As you can see in the figure, it's actually pretty easy. We still need the antenna and the LNA, of course. At this point, we could use an analog to digital converter (ADC, or just A/D) to turn the waveform into bits using the sampling methodology we described above. But the frequency is still very high, so the design of this converter would be difficult and likely very expensive (to say nothing of power-hungry!). So we still need some form of downconversion in order to reduce the signaling rate to something more reasonable. At this point we can now convert the signal directly to digital, and then do all of the additional filtering and demodulation in the digital domain. This technique is sometimes called direct conversion, as it eliminates the IF stages.

What all of this means is that we're going to write software and run it on a special, high-performance processor to emulate the functions previously done in the analog world. The processor is usually what's called a digital signal processor, or DSP, a microprocessor that particularly good at the addition and multiplication operations that are the essence of signal processing.

The real beauty of this approach is in the ability to change a radio's very nature by simply changing the software. Your cell phone could be entirely independent of GSM, CDMA, 3G, or whatever's next - just load new software, and you're off. It would also be easier to fix bugs and add new features, simply by downloading new software. Handset manufacturers and carriers could conceivably use this as a source of incremental revenue, something they're always after. The regulators are justifiably concerned, though, about hackers, viruses, and assorted other threats enabled by a fundamentally software-centric paradigm. Highjack a cell phone and use it for some nefarious purpose? Without appropriate security, such is indeed possible. But the FCC, for example, is very interested in the technology, and I think they'll be able to accommodate it when it becomes practical in consumer devices.

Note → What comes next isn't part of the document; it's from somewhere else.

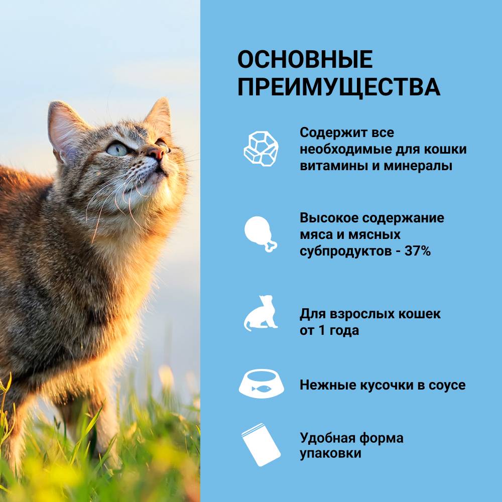 - Сочные, нежные кусочки с мясом или рыбой в сытном соусе подарят настоящее удовольствие Вашей кошке.

The real challenge of this approach, however, is in battery life. How can we build a DSP that can execute perhaps 20 billion operations a second (15 years ago, that was supercomputer territory) without draining a battery in an instant, and without the handset becoming to hot to (literally) handle? Well, as the saying goes, they're working on it, and I expect steady progress in this space over the next few years. I would guess that by 2010, we'll see SDR in at least some handsets. It's already common in base stations where power isn't such a big issue.

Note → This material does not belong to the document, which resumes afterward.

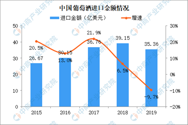 2015-2019年葡萄酒進(jìn)口金額持續(xù)增長,2019年葡萄酒進(jìn)口金額逼近40億美元。2019年葡萄酒進(jìn)口金額小幅下跌,進(jìn)口金額35.36億美元,同比減少9.7%。

So, you're going to be hearing a lot more about SDR over the next few years. If you'd like to learn more, a search for "software-defined radio" will yield a lot of hits. I'd suggest, however, that you start with the SDR Forum, a trade association. Two companies you might also want to look at are Vanu and picoChip. Vanu is the leader in producing the software for SDR, and picoChip is building high-performance DSPs for wireless applications.